The data:
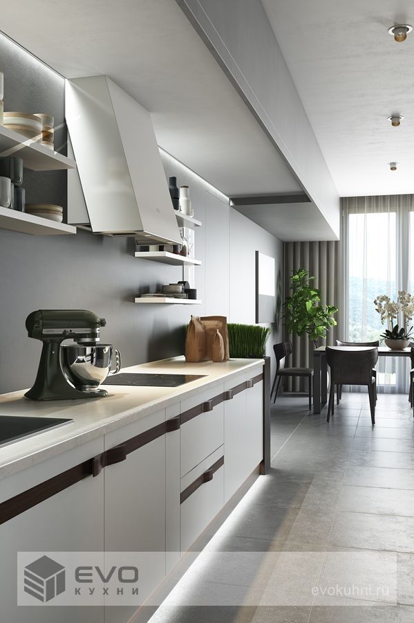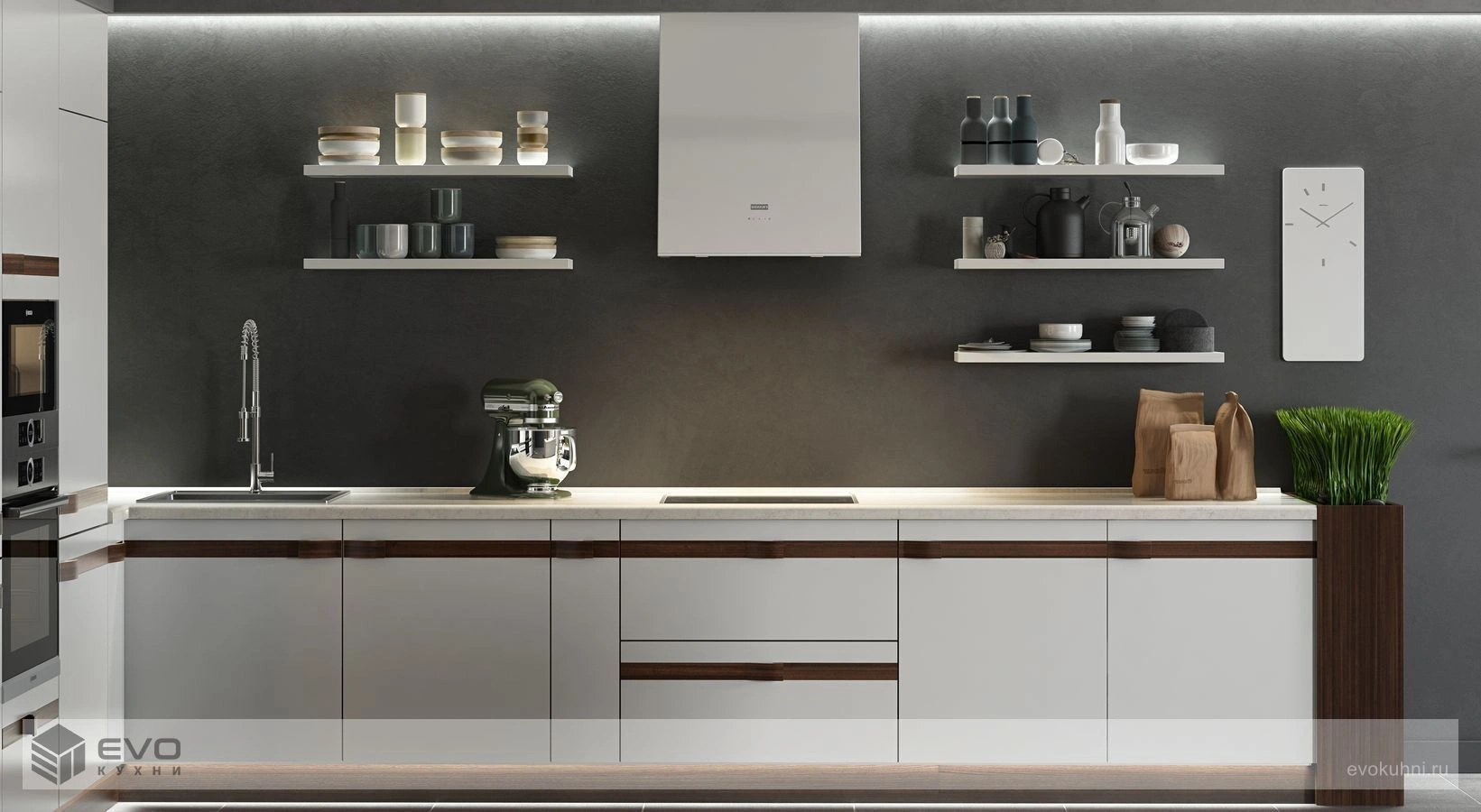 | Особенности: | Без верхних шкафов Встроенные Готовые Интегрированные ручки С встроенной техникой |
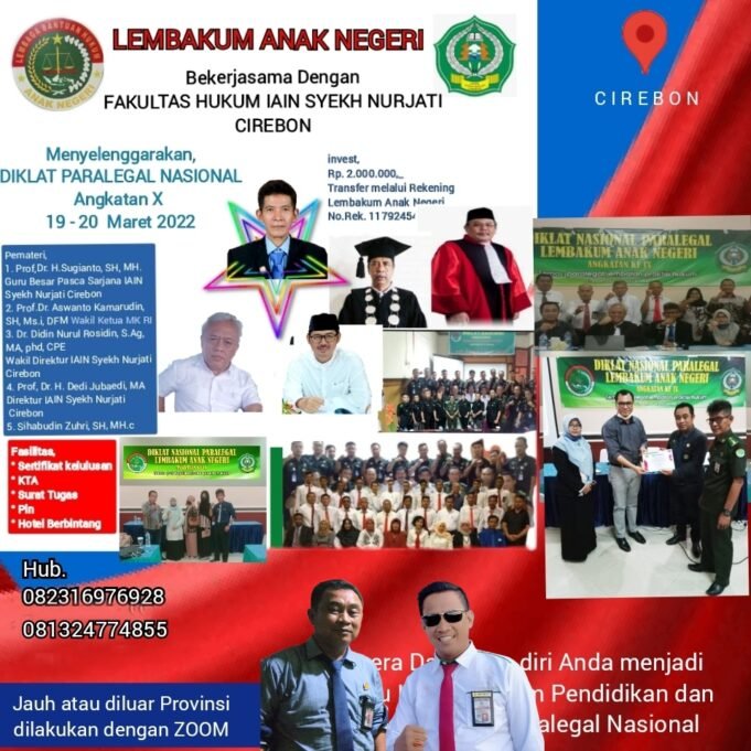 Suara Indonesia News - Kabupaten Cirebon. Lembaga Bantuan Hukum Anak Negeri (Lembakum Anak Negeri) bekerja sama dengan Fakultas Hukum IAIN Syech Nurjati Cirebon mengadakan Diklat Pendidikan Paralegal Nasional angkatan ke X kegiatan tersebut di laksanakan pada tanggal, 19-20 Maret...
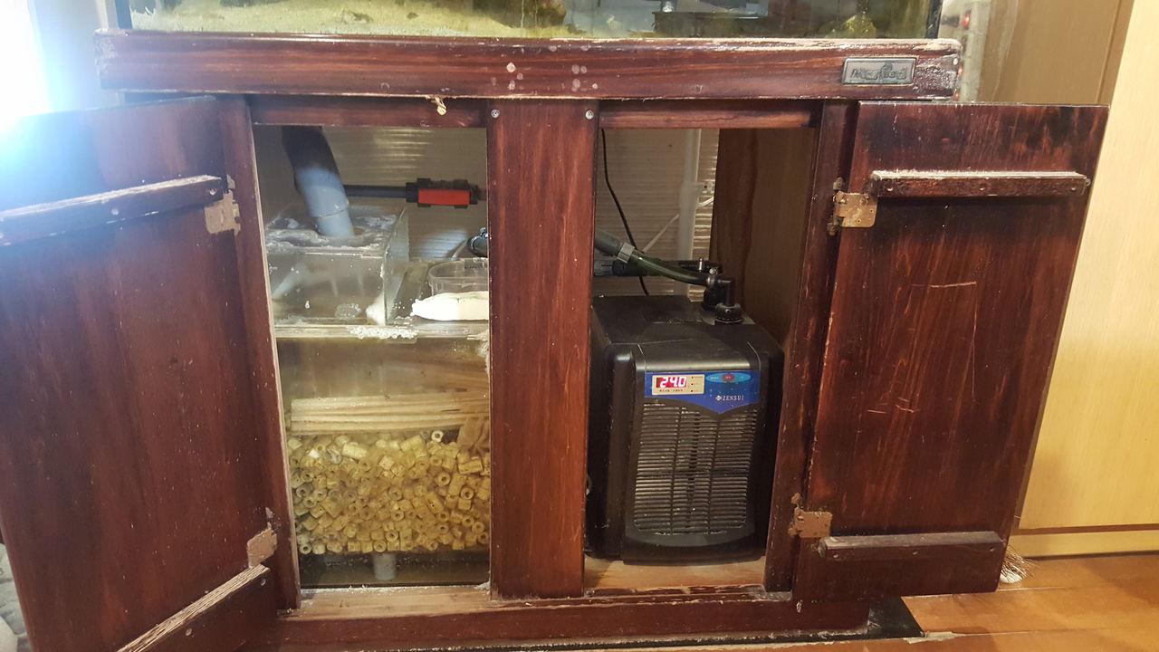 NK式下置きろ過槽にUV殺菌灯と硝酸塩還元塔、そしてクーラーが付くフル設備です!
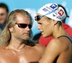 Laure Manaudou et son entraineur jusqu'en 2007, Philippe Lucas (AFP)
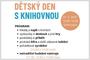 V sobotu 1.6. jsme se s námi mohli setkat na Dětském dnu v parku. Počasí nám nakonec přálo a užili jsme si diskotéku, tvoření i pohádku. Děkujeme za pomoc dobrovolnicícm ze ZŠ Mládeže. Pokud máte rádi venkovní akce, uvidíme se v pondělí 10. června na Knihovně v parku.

...

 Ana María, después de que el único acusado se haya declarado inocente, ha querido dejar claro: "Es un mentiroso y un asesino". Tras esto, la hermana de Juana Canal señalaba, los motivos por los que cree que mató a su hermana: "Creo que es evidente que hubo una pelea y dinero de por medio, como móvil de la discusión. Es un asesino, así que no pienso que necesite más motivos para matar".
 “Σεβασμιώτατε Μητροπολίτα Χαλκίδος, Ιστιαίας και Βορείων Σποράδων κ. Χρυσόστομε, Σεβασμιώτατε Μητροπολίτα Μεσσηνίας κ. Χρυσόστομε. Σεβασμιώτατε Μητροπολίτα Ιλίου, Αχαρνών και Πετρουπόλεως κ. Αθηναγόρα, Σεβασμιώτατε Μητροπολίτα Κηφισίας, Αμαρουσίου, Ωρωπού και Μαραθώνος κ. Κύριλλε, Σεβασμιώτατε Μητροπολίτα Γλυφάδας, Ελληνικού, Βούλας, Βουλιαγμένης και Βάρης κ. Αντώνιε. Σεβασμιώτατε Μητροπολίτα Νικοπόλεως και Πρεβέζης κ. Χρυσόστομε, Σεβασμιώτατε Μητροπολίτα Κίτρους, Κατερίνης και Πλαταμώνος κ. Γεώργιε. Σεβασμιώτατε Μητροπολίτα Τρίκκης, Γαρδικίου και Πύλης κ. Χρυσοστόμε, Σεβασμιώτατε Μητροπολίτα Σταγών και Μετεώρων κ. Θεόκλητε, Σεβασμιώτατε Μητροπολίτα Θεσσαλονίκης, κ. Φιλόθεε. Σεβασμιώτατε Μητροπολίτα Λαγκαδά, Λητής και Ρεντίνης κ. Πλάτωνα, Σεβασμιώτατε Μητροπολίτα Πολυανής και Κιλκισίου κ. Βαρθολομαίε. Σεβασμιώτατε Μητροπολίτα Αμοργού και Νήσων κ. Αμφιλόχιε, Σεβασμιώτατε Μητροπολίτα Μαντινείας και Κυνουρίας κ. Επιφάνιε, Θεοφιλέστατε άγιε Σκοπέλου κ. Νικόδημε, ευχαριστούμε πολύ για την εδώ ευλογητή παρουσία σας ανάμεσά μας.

Activity: In the data above, find the line with "Laure Manaudou et" and the line with "V sobotu 1.6.". Please copy exactly those two lines and every line between them, but not the pictures.

Response to the task:
 Laure Manaudou et son entraineur jusqu'en 2007, Philippe Lucas (AFP)
 V sobotu 1.6. jsme se s námi mohli setkat na Dětském dnu v parku. Počasí nám nakonec přálo a užili jsme si diskotéku, tvoření i pohádku. Děkujeme za pomoc dobrovolnicícm ze ZŠ Mládeže. Pokud máte rádi venkovní akce, uvidíme se v pondělí 10. června na Knihovně v parku.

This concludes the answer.